-- REQUIREMENT --
With pictures excluded, copy word for word the lines in the data below from the line containing "The kitchen is" through the line containing "con struttura in".

-- DATA TO EXAMINE --
________________
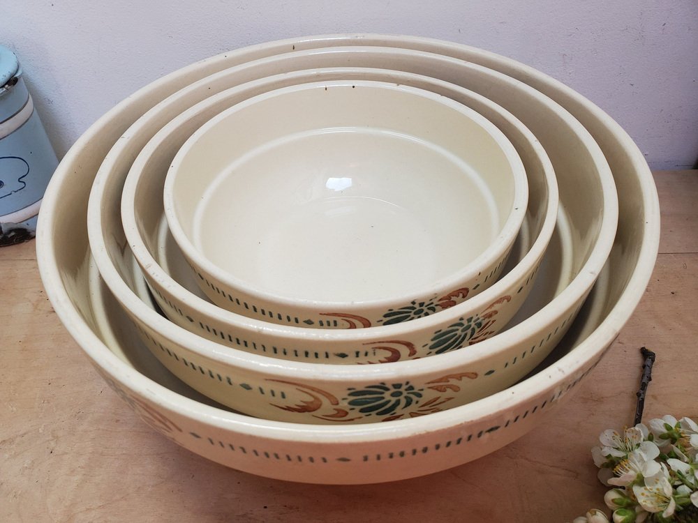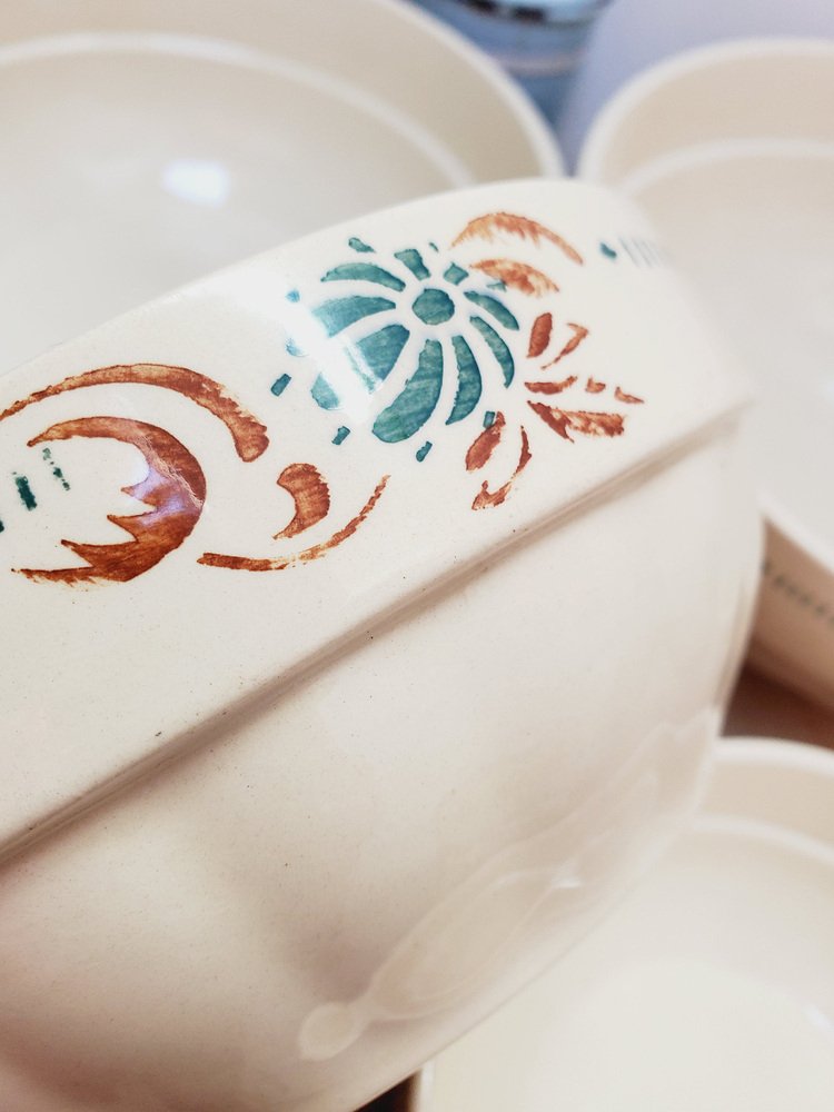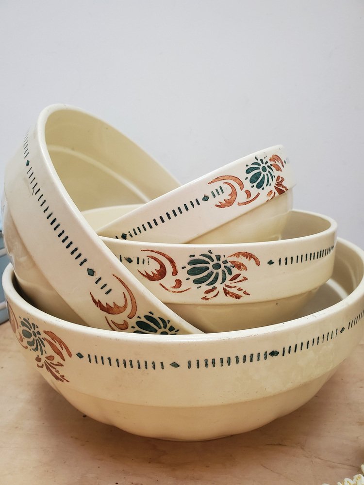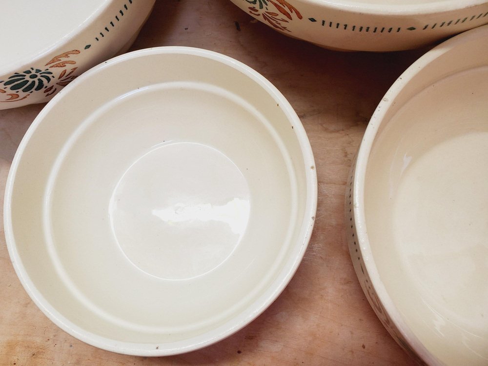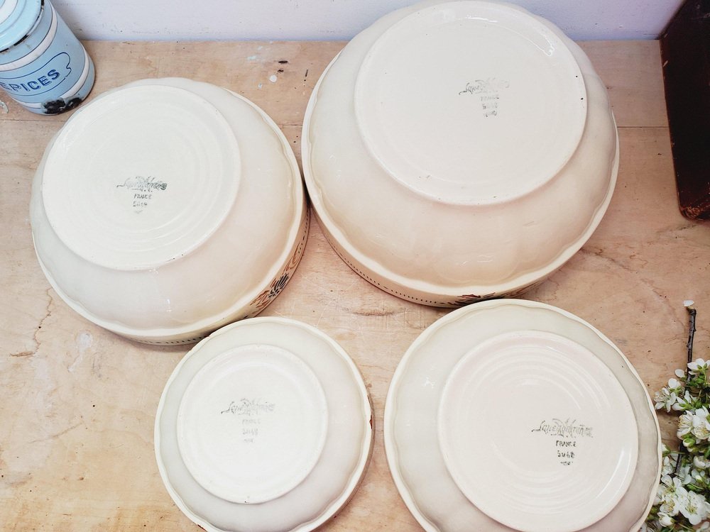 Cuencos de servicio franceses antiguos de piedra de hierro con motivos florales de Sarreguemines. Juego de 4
________________
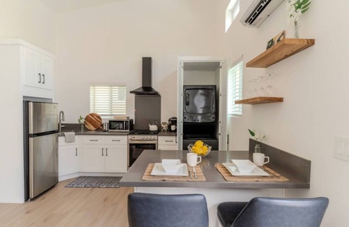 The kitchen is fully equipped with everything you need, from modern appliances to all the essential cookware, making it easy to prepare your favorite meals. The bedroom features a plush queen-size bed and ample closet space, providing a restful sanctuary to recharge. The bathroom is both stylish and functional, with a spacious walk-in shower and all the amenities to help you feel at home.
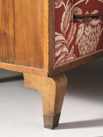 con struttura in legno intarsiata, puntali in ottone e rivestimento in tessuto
________________
-- EXERCISE SOLUTION --
 The kitchen is fully equipped with everything you need, from modern appliances to all the essential cookware, making it easy to prepare your favorite meals. The bedroom features a plush queen-size bed and ample closet space, providing a restful sanctuary to recharge. The bathroom is both stylish and functional, with a spacious walk-in shower and all the amenities to help you feel at home.
 con struttura in legno intarsiata, puntali in ottone e rivestimento in tessuto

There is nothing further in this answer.